Electrodialysis is the most effective among the physical treatments, but this technology is not broadly available to everyone and, by removing tartaric acid and potassium, it has an impact on wine sensory qualities and ageing potential.
Cation exchange resins help reduce calcium content, but their effectiveness on CaT stability is mainly due to their action of lowering wine pH. Unfortunately, the lowering of pH is not always organoleptically pleasing.
Cold stability is not a reliable technique. Low temperatures do not significantly increase or accelerate CaT precipitation and the usual 7-14 days cooling treatment can be too short.
Calcium tartrate and D,L-tartaric acid are the only chemicals permitted by the OIV for CaT stabilization.
D,L-tartaric acid effectiveness is supposed to depend on its capability to form a calcium salt that is much more insoluble than the one formed by the L-tartaric acid naturally present in wine. In reality, this characteristic is not enough to make D,L-tartaric acid a reliable stabilizer. The formation of nuclei starting the crystallization process takes a long time and, because of the high insolubility of calcium D,L-tartrate, its application can easily cause abundant precipitation over time. Furthermore, D-tartaric acid is NOT generally recognized as safe, and neither is the racemic D,L mixture, because it can form kidney stones.

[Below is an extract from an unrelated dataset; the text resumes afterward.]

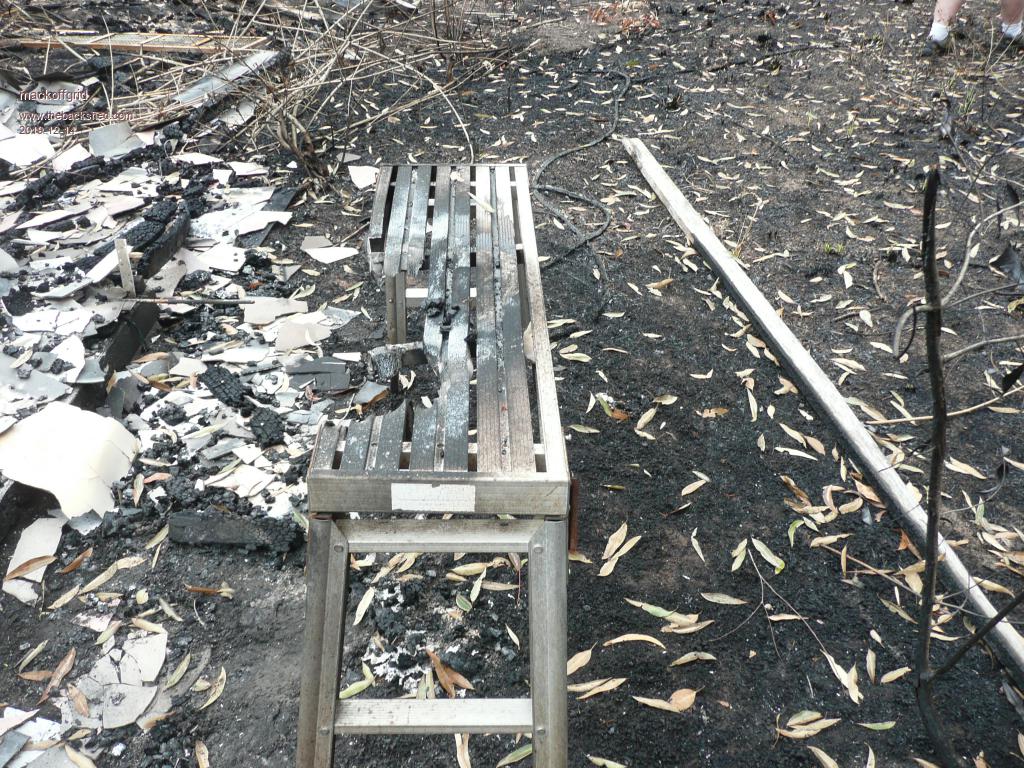We had two structures at the cabin site, the cabin and 6 metres away was the Plant room (Solar controller, inverter, batteries / laundry with obligatory chest freezer and misc storage)  aka Laundry.  Both built in the very local hardwood.  The ground mount 10kW solar array, 3 high x 13 + 1, was one metre in front of the laundry.  Both buildings were totally consumed.

Calcium tartrate, and specifically micronized calcium tartrate, is used for seeding nuclei of crystallization. In this way, it is unnecessary to wait for the spontaneous and unpredictable formation of nuclei, while at the same time promoting a rapid formation and precipitation of crystals. Because of the insolubility of calcium tartrate, treatment can be done at cellar temperature, (10-15°C), avoiding cooling. Crystal precipitation takes approximately 7-10 days and guarantees wine stability without impacting wine sensory.
Since CaT precipitation induces KHT precipitation and not the other way around, it is more convenient to start stabilizing calcium first then potassium (picture 2).